My first template - a TS throat plate.
I made the template for the throat plate which goes on the top of the table. Took a long time to get it to a perfect fit, and it IS perfect. It was good practice getting it to fit into the recess on top of the saw table. Haven't done the lower half yet, the part that goes in the cut out of the table and backs the top piece (veneer).

I made the template out of 1/8" hardboard and then realized that that is a little to thin to feel confident routing around it. So I doubled up the thickness by gluing more 1/8" hardboard to the back of it. Then I glued it to a rough cut 1/2" MDF and used a template bit on the table to cut it out. Now I have a nice 1/2" MDF template of the throat plate.

Next I need to cut out the part that goes down inside the table, that the throat plate glues to. It is a really irregular shape (older Craftsman 10" saw) and it will take some time to get the shape right.

I also want to take a minute to say, boy, those little hot glue guns are a wonderful invention. I have gotten more use out of it than I would have imagined. And I also want to say, boy, MDF is a messy thing to deal with. But it sure makes a nice template and its so easy to work.

By the way, I notice that the laminate I will use for the throat plate is, I think, .058", while the recess in the table top is .083". Should I put a shim (tape?) under the throat plate or just don't worry about the differance which will leave the throat plate sitting .025" too low?


----------



## levon (Sep 14, 2008)

hi Daryl,

that sounds great! 

if you dont have a planer to get it to the right thickness, then yes put shims under it. 
you might be able to use set tscrews to adjust it. you can pick up a drill bit and tap pretty cheap at lowes or hd.

if the plate is below the table work pieces can catch on it and with a ts, it can be dangerous!

im not familiar with your ts, but i use my original insert as a template.


----------



## sofasurfer (May 30, 2009)

I see that the throat plate that others make are just a oval or oblong shaped piece that sets into the table.
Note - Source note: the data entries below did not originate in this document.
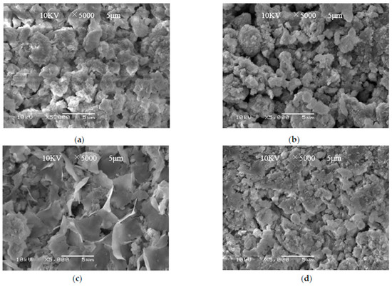 The dried sludge contains a large amount of organic matter, and its surface contains a large number of pore-like structures. However, if it is prepared as a denitration catalyst carrier, the organic matter is easily generated in a heated environment, thereby affecting the removal of NO by the catalyst. Therefore, before preparation of the catalyst, the dried oil sludge is alkali activated. This process will corrode a large amount of the organic matter in the oil sludge, and etch more pore-like structures on the surface. Moreover, after being adsorbed on the surface of the alkali activated dry sludge, NO reacts with O2 to form NO2 [16]. The generated NO2 is easily adsorbed by a basic functional group. This will result in a good desorption of NO2 on the surface of the sludge, eventually releasing the active sites used to adsorb NO. This promotes the continuous adsorption of NO on the surface of the sludge, so that the reaction continues, and the denitration rate is significantly improved [17,18,19].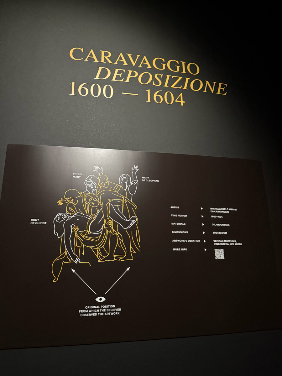 光が当たる部分(キリストの身体、顔)と影のコントラストで、奥行きと感情の強さを表現。光の方向が明確で、絵に立体感とドラマを生んでいる。特にキリストの肌の青白さ(死を象徴)と他の人物の温かみのある肌の対比が、死と生のコントラストを強調している。このエリアには、実際のサン・ピエトロ大聖堂の鐘の音が流れている。
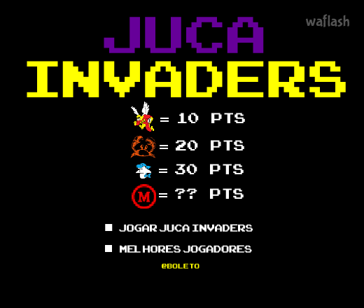 게임을 시작하려면 JOGAR JUCA INVADERS 를 클릭하세요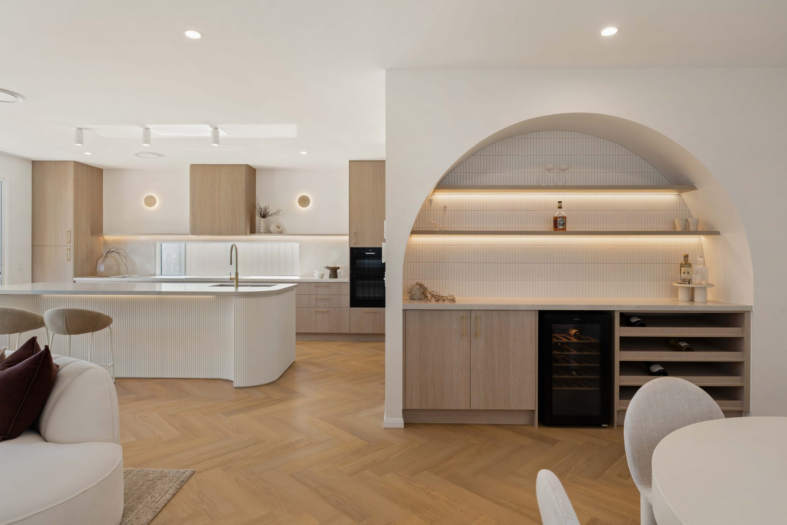 Upstairs and downstairs living zones are enhanced by two built-in bar areas – one with wine fridge and racks – creating flexibility for entertaining on both levels. An electric fireplace with reclaimed brick surround mirrors the exterior façade, adding warmth and cohesion to the design.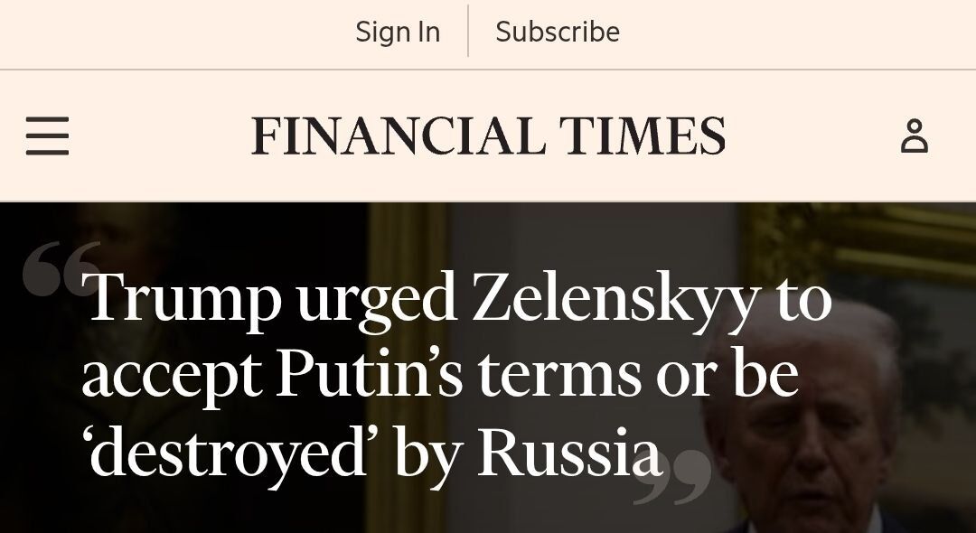 Trump thúc giục Zelensky chấp nhận các điều khoản của Putin hoặc sẽ bị Nga "hủy diệt". — FT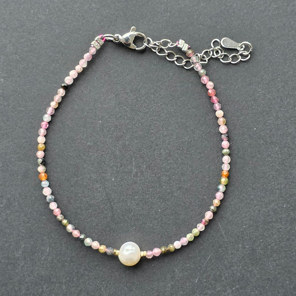 • Piatra: turmalină naturală, mix de culori si o perla accent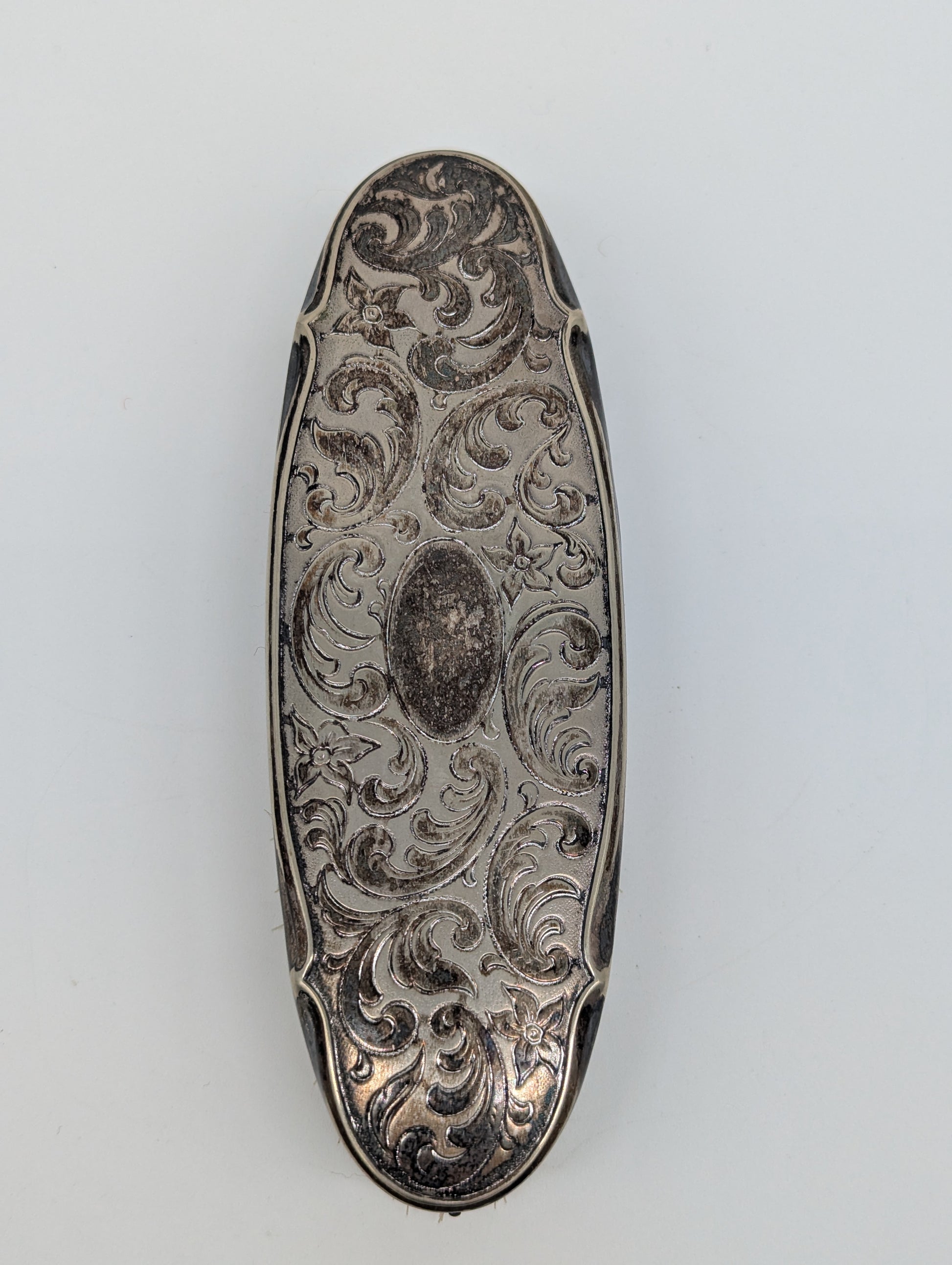 Dieses elegante Frisierset besteht aus drei Teilen und ist reich verziert im klassischen Ornamentstil. Alle Teile sind versilbert und zeigen feine florale Gravuren auf den Oberflächen.

Mine is irregular shaped below the surface and so an insert must be cut to fit it.
Heres a picture of the saw and a picture of an insert I made years ago.


----------



## levon (Sep 14, 2008)

ok, i see now.

my insert plate is in the middle of the saw and is rounded on both ends. i dont need to make the lower part that fits down inside the table because mine wont get flung back at me like yours could.


----------



## sofasurfer (May 30, 2009)

I'm hopeing that someone who has a saw like mine will show how they made their insert.


----------



## Santé (Jan 14, 2010)

Hi
Maybe you could make 2 plates and glue them together?

Santé


----------



## sofasurfer (May 30, 2009)

Thats what I am doing. I have the template for the top part (the thin laminate on top of the table) and I am now making the template for the lower part that will go below the top surface. I will post pics when I get them done today.
I am learning the fun of using the hot glue gun to build up a shape by laminating multiple pieces of thin wood and veneers together. Its kinda fun making templates.:laugh:


----------



## levon (Sep 14, 2008)

hi Daryl,

sounds like you have everything under control. 

at some point you may want to look at buying a pin nailer. they are inexpensive and make you want to throw away the hot glue gun. i use mine for everything! templates, temporarily securing items, etc.


----------



## sofasurfer (May 30, 2009)

HF has one that goes on sale for $15 from time to time. Its a pin nailer and stapler.
Its coming.


----------



## levon (Sep 14, 2008)

ive heard hf has a good pin nailer. i didnt know it was also a stapler? 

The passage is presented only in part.